DATA SHOWN:
========================================================================

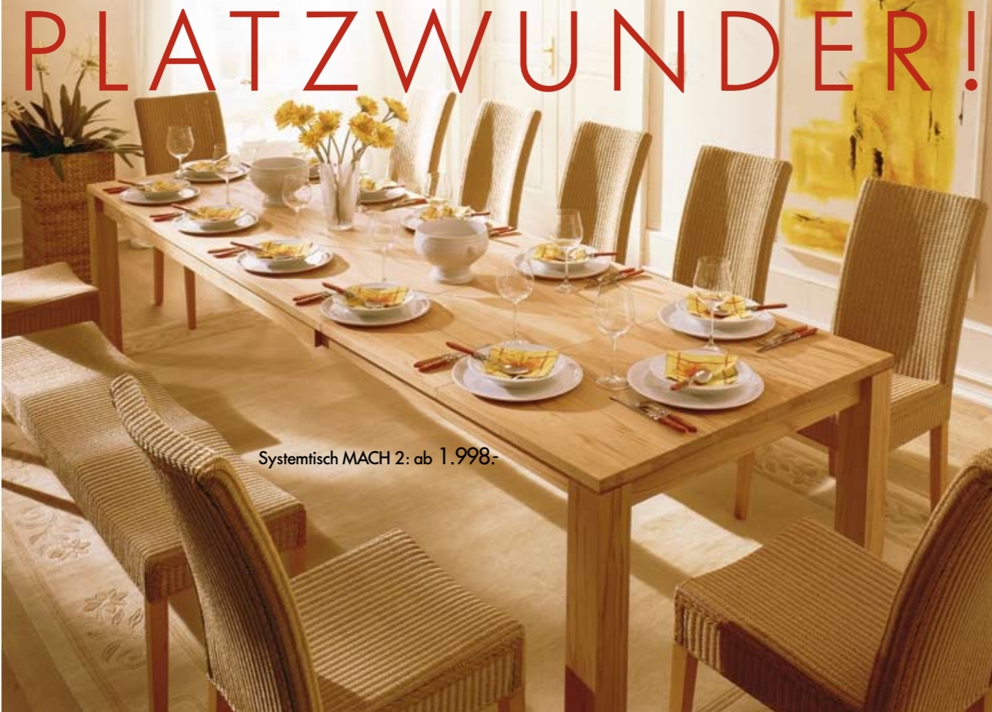
Systemtisch MACH 2: ab 1.998,-
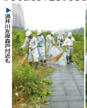
渦井川左岸森戸付近も

「クリーン愛媛運動」の主旨である、豊かな自然と風土に恵まれたふるさと愛媛の住みよい快適な環境を守るための清掃奉仕活動が実施されました。県建設業協会西条支部の皆さん約130人が、加茂川、中山川、渦井川堤防での除草作業やごみの回収などを行いました。これからも私たちの住むふるさとの美しい景観を守り続けたいものです。
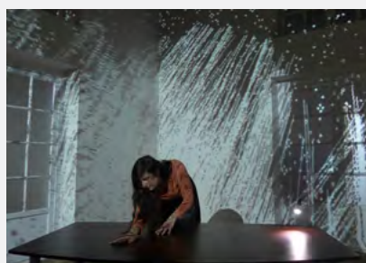
La maison sensible , Scenocosme / Lola&Yukao Meet, 2016

========================================================================

GOAL OF THE EXERCISE: Give the listing again word for word. Skip any pictures.

PROBLEM SOLUTION:
Systemtisch MACH 2: ab 1.998,-
渦井川左岸森戸付近も

「クリーン愛媛運動」の主旨である、豊かな自然と風土に恵まれたふるさと愛媛の住みよい快適な環境を守るための清掃奉仕活動が実施されました。県建設業協会西条支部の皆さん約130人が、加茂川、中山川、渦井川堤防での除草作業やごみの回収などを行いました。これからも私たちの住むふるさとの美しい景観を守り続けたいものです。
La maison sensible , Scenocosme / Lola&Yukao Meet, 2016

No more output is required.